- Born: Mimoun Bakouch ميمون بكوش 4 February 1953 Oujda, Morocco
- Died: 3 November 2018 (aged 65) Casablanca, Morocco
- Occupation: Raï singer;

= Mimoun El Oujdi =

Moroccan raï singer

Mimoun El Oujdi (ميمون الوجدي) was a Moroccan singer of the Raï genre of music. Like other Maghrebi raï singers, he is habitually given the title "Cheb" (الشاب), meaning "young", and is usually known as Cheb Mimoun El Oujdi (الشاب ميمون الوجدي). He was born Mimoun Bakoush (ميمون بكوش) in Oujda in 1953, fifteen kilometres from the Algerian border. Mimoun El Oujdi released 18 albums between 1982 and 2012, including Barmān (1985), Alamāne (1995) and Soulouh (2008).
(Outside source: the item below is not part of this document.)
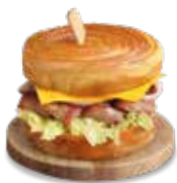
The Royal Pastrami

House smoked beef pastrami, onion, lettuce, cheese, aioli, house BBQ sauce.

He died in November 2018.

==Releases==
Album releases by Mimoun El Oujdi include the following, with year, approximate transliteration and original title:
- 2010: Raqat al-basma (رقة البسمة)
- 2008: Soulouh (سولوه)
- 2004: Ghorba bla wniss (غربة بلا ونيس)
- 2000: Marjāna (مرجانة)
- 1997: Tnahad qalbi ki tfakart (تنهد قلبي كي تفكرت)
- 1996: Aadite ezinne (عاديت الزين)
- 1995: Alamāne (ألمان)
- 1992: Az-zin wma darte fia (الزين وما درت فيا)
- 1990: Alkay fat-talafun (الكي فالتيليفون)
- 1988: Salwa al-maktāb (سالوا المكتاب)
- 1987: Ana bagheit habibi (أنا بغيت حبيبي)
- 1986: Ya moul taksi (يا مول الطاكسي)
- 1985: Barmān (بارمان)
- 1984: Ash-shidda ma tdoum (الشدة ما تدوم)
- 1984: Ana ma nawlish (أنا ما نوليش)
- 1984: Raha djaia mehnati (راها جاية محنتي)
- 1982: En-nar kedāt (النار كدات)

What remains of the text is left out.